● Provided data
[Start of Attachment]

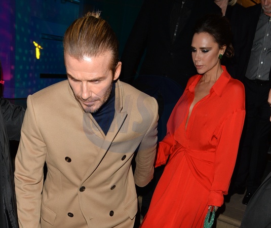 Victoria Beckham i David Beckham wychodza z Connaught Hotel
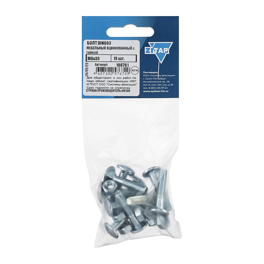 Мебельный болт DIN603 оцинкованный М6х30 с гайкой, 10 шт Zitar 108761
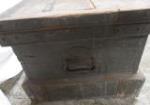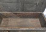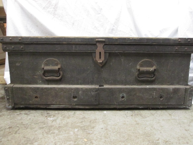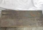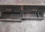 This large, vintage wooden toolbox measuring 37"W X 15"D X 14"H is in used condition and has some wear due to age and use. Please preview.

[End of Attachment]

● What you are asked to do
Return every line of the listing exactly, leaving its pictures behind.

● Final answer
 Victoria Beckham i David Beckham wychodza z Connaught Hotel
 Мебельный болт DIN603 оцинкованный М6х30 с гайкой, 10 шт Zitar 108761
 This large, vintage wooden toolbox measuring 37"W X 15"D X 14"H is in used condition and has some wear due to age and use. Please preview.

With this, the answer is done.